On May 27, 2020, the Federal Reserve Bank of Boston released updated guidance and new documents for the Main Street Lending Program (MSLP).
The MSLP is designed to provide support to small and medium-sized businesses and their employees across the United States during the current period of financial strain by supporting the provision of credit to those businesses. The availability of additional credit is intended to help businesses that were in sound financial condition before the COVID‑19 pandemic maintain their operations and payroll until conditions normalize. Under the MSLP, the Federal Reserve has formed MS Facilities LLC as a special purpose vehicle (Main Street SPV) to purchase participations in eligible loans.
Three separate but related facilities comprise the MSLP: the Main Street New Loan Facility (MSNLF), the Main Street Priority Loan Facility (MSPLF) and the Main Street Expanded Loan Facility (MSELF). The updated guidance and new documents do not expressly change the basic terms of those facilities, but they do expand on those terms and describe limitations and requirements not evident in previous guidance. The term sheets released by the Federal Reserve on April 30 are summarized in a May 1 McGuireWoods client alert and remain in effect.

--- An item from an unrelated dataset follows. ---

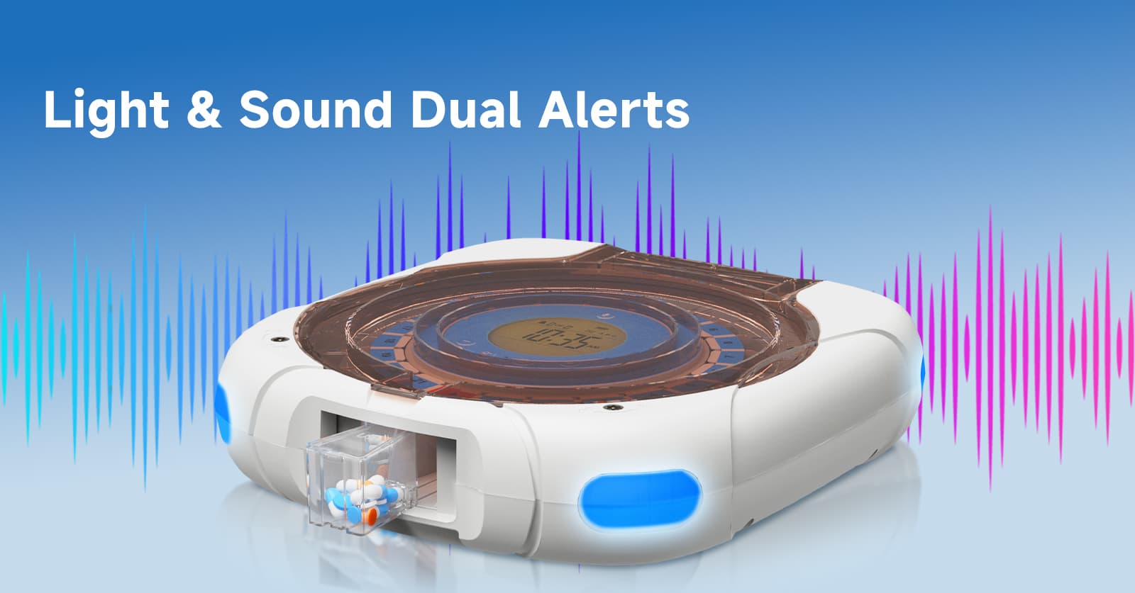 Customize up to 9 alarm groups per day to perfectly adapt to complex multi-dose medication schedules. When the alarm goes off, it delivers dual reminders with bright flashing lights and a loud audible alert, ensuring you won’t miss a dose even in noisy environments.

The updated guidance and new documents offer additional details to potential borrowers and lenders about the MSLP and how it is expected to operate. Although a formal launch date for the MSLP has not been announced, the lack of changes to the terms of the program facilities and the issuance of updated guidance and new documents suggest that the MSLP will soon open for business.
Here are some key takeaways from the updated guidance and new documents.
- Funding a program loan can be contingent on a binding commitment from the Main Street SPV to purchase a participation. Lenders now have two options for funding program loans. A lender may extend a program loan and then seek to sell a participation to the Main Street SPV within 14 days after funding. A lender also may extend a program loan but make funding contingent on a binding commitment from the Main Street SPV to purchase a participation in the loan. Under that option, a lender would submit all required documentation to the Main Street SPV before funding. If that documentation is complete and consistent with all applicable program requirements, then the Main Street SPV would provide the lender with a binding commitment to purchase a participation in the loan after it is funded. The commitment letter would indicate that the lender is required to fund the loan within three business days of the commitment letter and that the Main Street SPV will purchase a participation within three business days after funding.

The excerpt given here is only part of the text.